Stored data
------------------------------------------------------------

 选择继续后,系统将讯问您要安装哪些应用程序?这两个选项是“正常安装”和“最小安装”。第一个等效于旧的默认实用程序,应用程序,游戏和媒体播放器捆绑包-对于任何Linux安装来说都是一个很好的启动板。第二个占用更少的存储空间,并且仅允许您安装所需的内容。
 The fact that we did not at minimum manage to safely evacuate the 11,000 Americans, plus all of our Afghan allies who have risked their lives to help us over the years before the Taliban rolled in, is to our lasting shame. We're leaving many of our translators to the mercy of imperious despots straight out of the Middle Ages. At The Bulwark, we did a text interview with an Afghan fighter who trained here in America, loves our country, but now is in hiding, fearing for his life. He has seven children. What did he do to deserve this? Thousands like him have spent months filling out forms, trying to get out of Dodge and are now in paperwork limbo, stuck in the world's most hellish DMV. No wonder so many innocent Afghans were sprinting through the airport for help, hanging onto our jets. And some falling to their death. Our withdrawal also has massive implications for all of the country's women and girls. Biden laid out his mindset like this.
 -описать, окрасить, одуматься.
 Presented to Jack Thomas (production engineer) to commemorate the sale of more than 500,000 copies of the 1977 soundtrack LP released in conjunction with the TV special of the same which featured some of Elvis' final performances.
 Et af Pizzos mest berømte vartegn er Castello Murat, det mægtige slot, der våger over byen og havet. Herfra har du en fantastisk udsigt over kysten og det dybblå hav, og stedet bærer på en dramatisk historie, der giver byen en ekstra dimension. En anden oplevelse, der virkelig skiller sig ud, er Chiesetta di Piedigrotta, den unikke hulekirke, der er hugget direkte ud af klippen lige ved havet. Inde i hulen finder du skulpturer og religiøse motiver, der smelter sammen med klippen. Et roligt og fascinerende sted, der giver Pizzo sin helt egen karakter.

------------------------------------------------------------

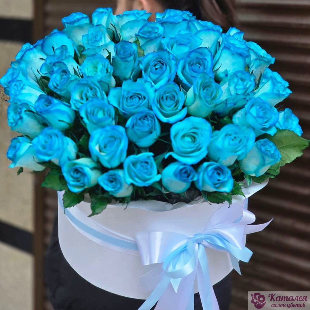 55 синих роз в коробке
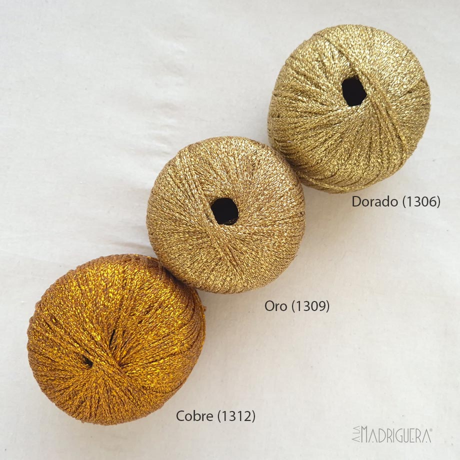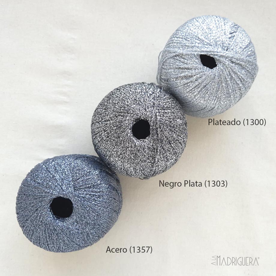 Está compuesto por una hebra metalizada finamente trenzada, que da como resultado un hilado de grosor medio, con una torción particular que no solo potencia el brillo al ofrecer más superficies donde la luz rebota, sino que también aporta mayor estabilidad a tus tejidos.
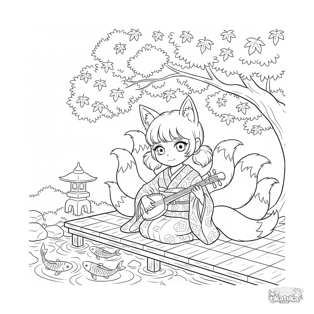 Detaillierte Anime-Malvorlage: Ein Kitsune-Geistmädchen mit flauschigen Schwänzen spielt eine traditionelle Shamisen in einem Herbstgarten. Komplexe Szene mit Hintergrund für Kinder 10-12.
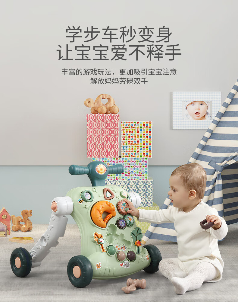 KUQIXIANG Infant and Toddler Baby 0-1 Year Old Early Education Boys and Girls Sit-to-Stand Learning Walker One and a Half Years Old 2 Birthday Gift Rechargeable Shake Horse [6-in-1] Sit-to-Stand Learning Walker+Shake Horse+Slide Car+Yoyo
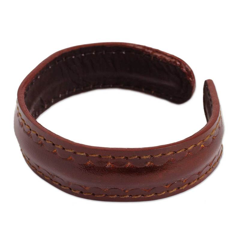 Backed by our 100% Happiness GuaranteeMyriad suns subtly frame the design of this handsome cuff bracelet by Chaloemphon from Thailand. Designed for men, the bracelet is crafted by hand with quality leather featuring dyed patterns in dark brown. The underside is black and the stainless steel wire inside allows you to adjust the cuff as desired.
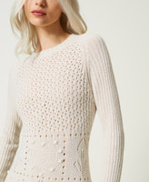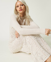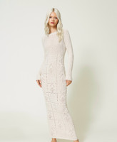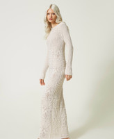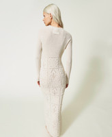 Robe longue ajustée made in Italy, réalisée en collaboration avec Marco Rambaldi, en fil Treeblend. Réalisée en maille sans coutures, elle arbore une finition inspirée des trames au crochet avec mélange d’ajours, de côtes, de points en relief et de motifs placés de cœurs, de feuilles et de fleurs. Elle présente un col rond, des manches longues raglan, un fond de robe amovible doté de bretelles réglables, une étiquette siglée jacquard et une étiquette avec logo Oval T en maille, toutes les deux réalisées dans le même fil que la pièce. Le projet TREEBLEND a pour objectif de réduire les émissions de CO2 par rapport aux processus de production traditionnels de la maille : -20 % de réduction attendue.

------------------------------------------------------------

● **To do**:
Using the data above, copy exactly the lines from the one containing "Detaillierte Anime-Malvorlage: Ein" to the one containing "Robe longue ajustée", inclusive. Exclude the pictures.

● **Result of this exercise**:
 Detaillierte Anime-Malvorlage: Ein Kitsune-Geistmädchen mit flauschigen Schwänzen spielt eine traditionelle Shamisen in einem Herbstgarten. Komplexe Szene mit Hintergrund für Kinder 10-12.
 KUQIXIANG Infant and Toddler Baby 0-1 Year Old Early Education Boys and Girls Sit-to-Stand Learning Walker One and a Half Years Old 2 Birthday Gift Rechargeable Shake Horse [6-in-1] Sit-to-Stand Learning Walker+Shake Horse+Slide Car+Yoyo
 Backed by our 100% Happiness GuaranteeMyriad suns subtly frame the design of this handsome cuff bracelet by Chaloemphon from Thailand. Designed for men, the bracelet is crafted by hand with quality leather featuring dyed patterns in dark brown. The underside is black and the stainless steel wire inside allows you to adjust the cuff as desired.
 Robe longue ajustée made in Italy, réalisée en collaboration avec Marco Rambaldi, en fil Treeblend. Réalisée en maille sans coutures, elle arbore une finition inspirée des trames au crochet avec mélange d’ajours, de côtes, de points en relief et de motifs placés de cœurs, de feuilles et de fleurs. Elle présente un col rond, des manches longues raglan, un fond de robe amovible doté de bretelles réglables, une étiquette siglée jacquard et une étiquette avec logo Oval T en maille, toutes les deux réalisées dans le même fil que la pièce. Le projet TREEBLEND a pour objectif de réduire les émissions de CO2 par rapport aux processus de production traditionnels de la maille : -20 % de réduction attendue.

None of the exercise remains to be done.